Und Ruth geht mit ihren Fingern von Muttermal zu Muttermal. Eines nach dem anderen tupft sie an.

Und Ruth sagt mit einer Stimme aus Milchschaum, manchmal kratze mitten in der Nacht eine Frau an ihrer Tür, sie wolle herein zu ihr und von ihr geliebt werden, und diese Frau, die trage meist ein gelbes Nachthemd, ein urinfarbenes Nachthemd, sagt Ruth, mit weißem, leicht ausgefranstem Rand und Pantoffeln aus Frottee, Pantoffeln mit einem Hundegesicht, mit je zwei Ohren an der Seite und einer roten Nase. Die Pantoffeln, also die Hundegesichter, würden lachen.

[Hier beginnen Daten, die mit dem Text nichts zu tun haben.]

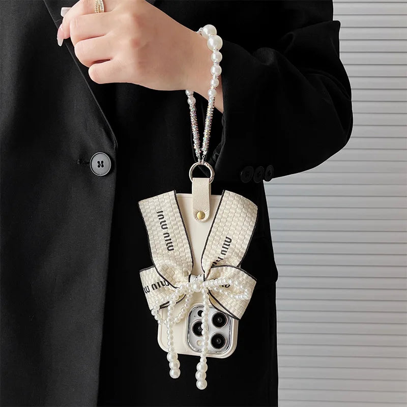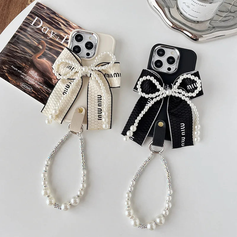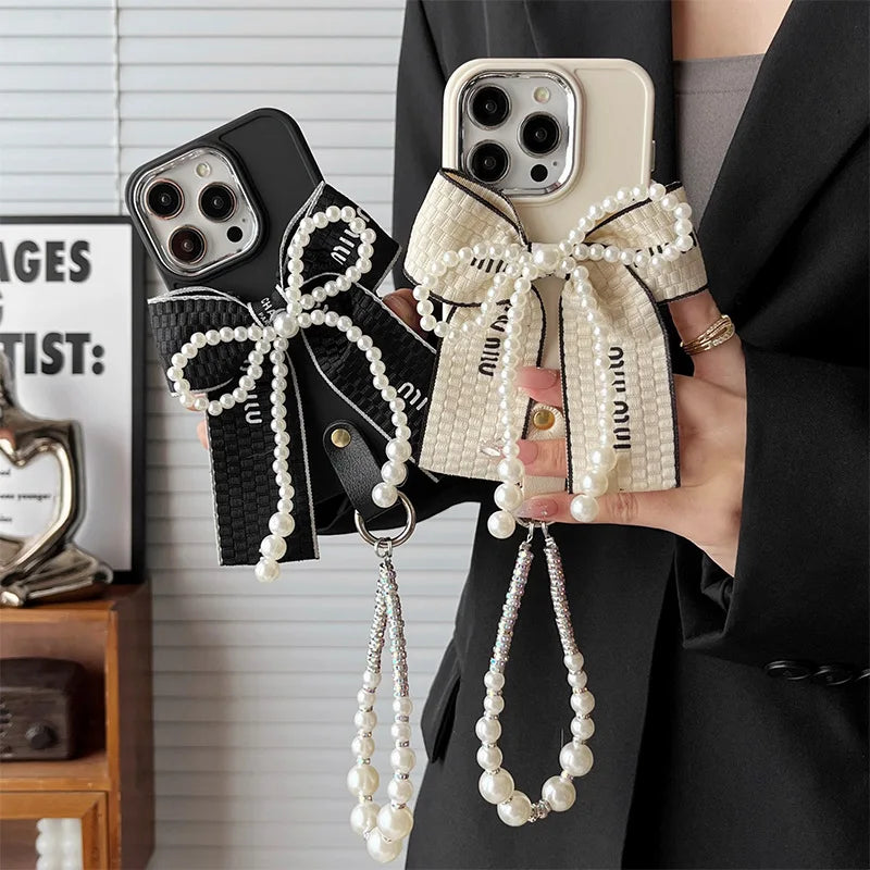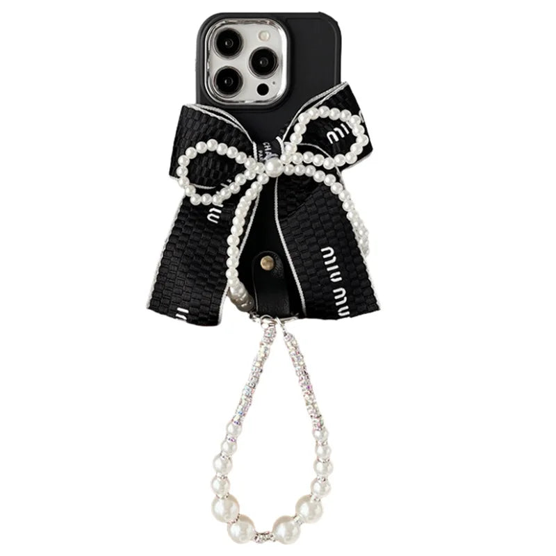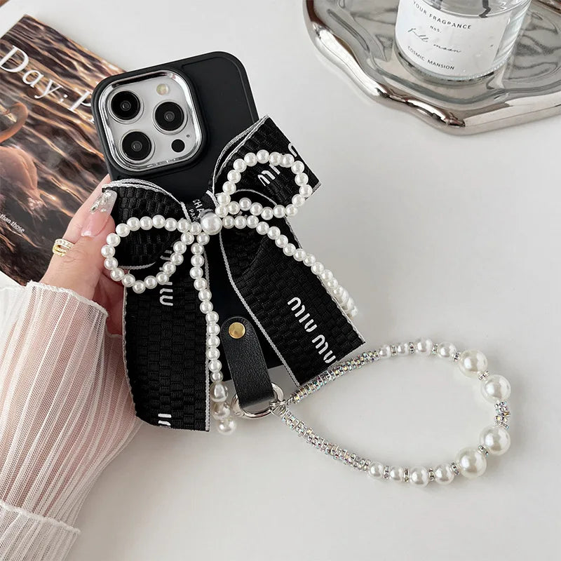 Luxury Pearl Bow iPhone Case with Bracelet

Das hast du erfunden, sagt Ruth.

Das bin ich, sage ich.

Nein, sagt Ruth. Jetzt hör auf, dich selbst zu bemitleiden.

Diese Frau sage dann zu ihr, wenn sie sie hereingelassen habe und die Frau sich schnell von allem frei gemacht und nackt und zufrieden bei ihr im Bett liege, in ihrem weiten Bett, und sie in den schwarzen Himmel schauen würden, wenn Mondlicht auf sie herunterfallen würde, weil Vollmond und das Mondlicht wie Milch, sage sie, in den Momenten, in denen ich sie berühren und küssen würde, habe sie für einen ganz kurzen Moment das Gefühl, alles, wirklich alles, verstanden zu haben, für einen Moment gebe es einen wirklich wahrhaftigen Grund zu leben.

Die Fenster des Hauses zähle ich. Und immer liegt Schnee, der Schnee liegt auf den Tassen, den Tellern, den Kerzenständern, den Büchern, den Fingern, den Stofftieren, den Bettdecken, auf allem, auch innen liegt der Schnee. Er fällt aus dem Himmel auch auf mich, und weil meine Fenster offenstehen, fällt der Schnee durch diese Fenster in mich hinein.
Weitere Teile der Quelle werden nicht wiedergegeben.